My sister reared back. “Fuck!”
The doctor inhaled as if he’d been smacked.
“Sorry, Doc.” She fisted her hips and turned to the window. “A hundred farm hands work for me. If you don’t throw an f-bomb every few minutes they’ll think you’re weak. So, this is all we’re going to get out of your voodoo experiments, huh? Yeah. I’m taking him home.”

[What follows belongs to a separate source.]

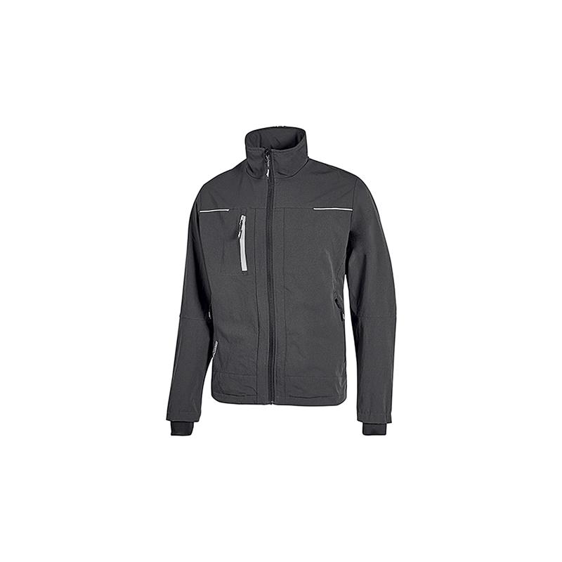 Giacca in 90% Nylon e 10% Spandex. 260 gr/m2. Morbida sulla pelle, idrorepellente, traspirante e asciuga rapidamente. Dotata di due tasche frontali e una tasca porta cellulare sul petto chiuse con zip. Due ampie tasche interne. Cappuccio a scomparsa regolabile. Polsino antivento elasticizzato. Inserti in reflex per garantire la massima visibilita'. Colore grigio. Modello = taglia

“Home-home?” I asked. “Or my home?”
“Your shack in Bethesda for now. But we talked, it’s been decided—you’re coming back to the farm. I need you to run the business side. Besides, if you don’t give up this ridiculous job of slaughtering people, you’re going to wind up dead. Not that I care. You can do what you want, but you’re killing Mom with this,” she flopped a hand at the beeping hardware, “getting shot all the time. So.”
The farm. The family. The homestead outside of Donnellson, Iowa where generations of Stearnes had been born, lived, and died without getting any farther away than Keokuk. But it was home. A warm place that smelt of cookies and bacon and meatloaf and dust in the attic. It was keggers behind Grafton’s barn on Saturday night and breakfast at Agatha’s Diner out on the highway Sunday morning. And the hayseeds I’d left behind when I joined the Army. I’d seen Paris, Nairobi, Tokyo since then. Going home was like going to hell. It was predictable, and I probably deserved it, but I really didn’t want to go.

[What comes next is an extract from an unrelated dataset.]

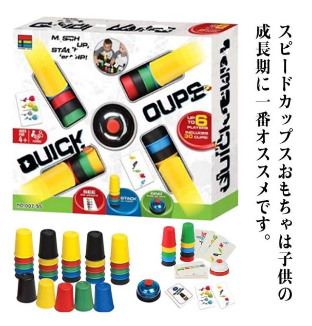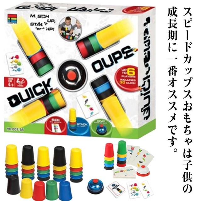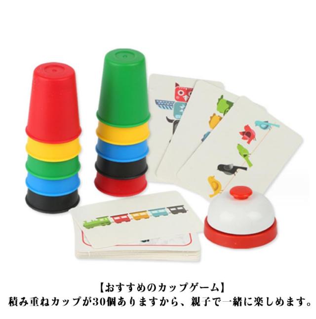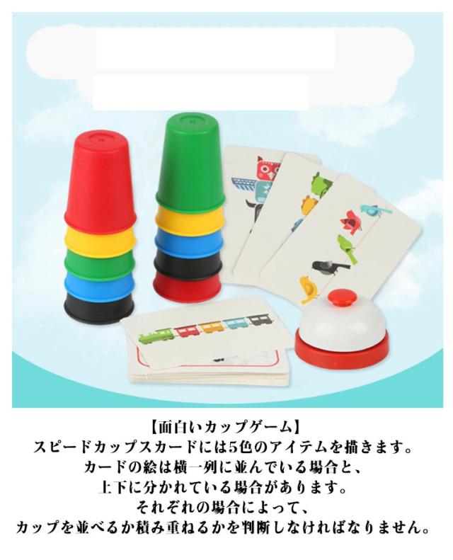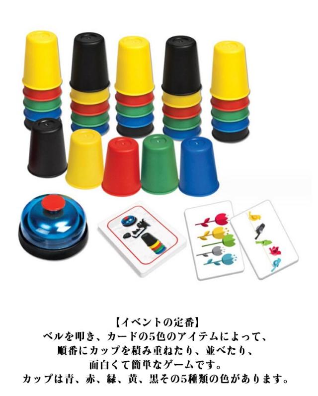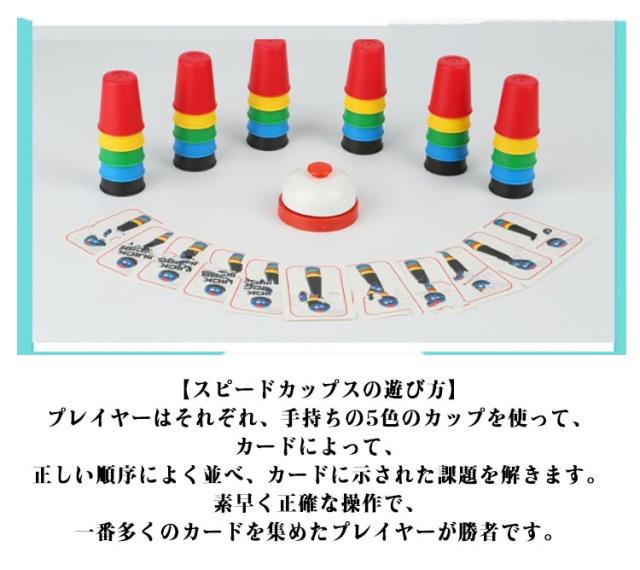 | スピードカップスおもちゃは子供の成長期に一番オススメです。 【イベントの定番】ベルを叩き、カードの5色のアイテムによって、順番にカップを積み重ねたり、並べたり、面白くて簡単なゲームです。カップは青、赤、緑、黄、黒その5種類の色があります。 【スピードカップスの遊び方】プレイヤーはそれぞれ、手持ちの5色のカップを使って、カードによって、正しい順序によく並べ、カードに示された課題を解きます。素早く正確な操作で、一番多くのカードを集めたプレイヤーが勝者です。 【面白いカップゲーム】スピードカップスカードには5色のアイテムを描きます。カードの絵は横一列に並んでいる場合と、上下に分かれている場合があります。それぞれの場合によって、カップを並べるか積み重ねるかを判断しなければなりません。 【おすすめのカップゲーム】積み重ねカップが30個ありますから、親子で一緒に楽しめます。 | |

“What happened to Dan Sweeny?” I asked. “I thought your genius-fiancé was going to—”
“Don’t make this about me.” She shook a finger at me. “Let’s keep focused on you and filling in that gap in your memory. There’s a cop with a name I can’t pronounce asking questions all the time. Get him squared away, then you can be my farm manager. Get up. Let’s get you home. We can talk there.”
She pulled the sheet back and tossed a pair of pants and a shirt my way.
Doc slapped a bottle of pills on my chest. “Twice a day, every twelve hours. Like clockwork.”
I read all sixteen syllables on the label. None of them meant anything to me. “What are they for?”
He looked across my chest at my sister. She met his gaze and gave a slow shake, no.
“Your recovery.” Doc patted my shoulder. “Take them all. Don’t miss even one.”
I grabbed Joyce’s forearm and yanked. “I’m not crazy.”
“No one said you were.” She gave me that condescending big-sister look. “They help your brain with your … amnesia.”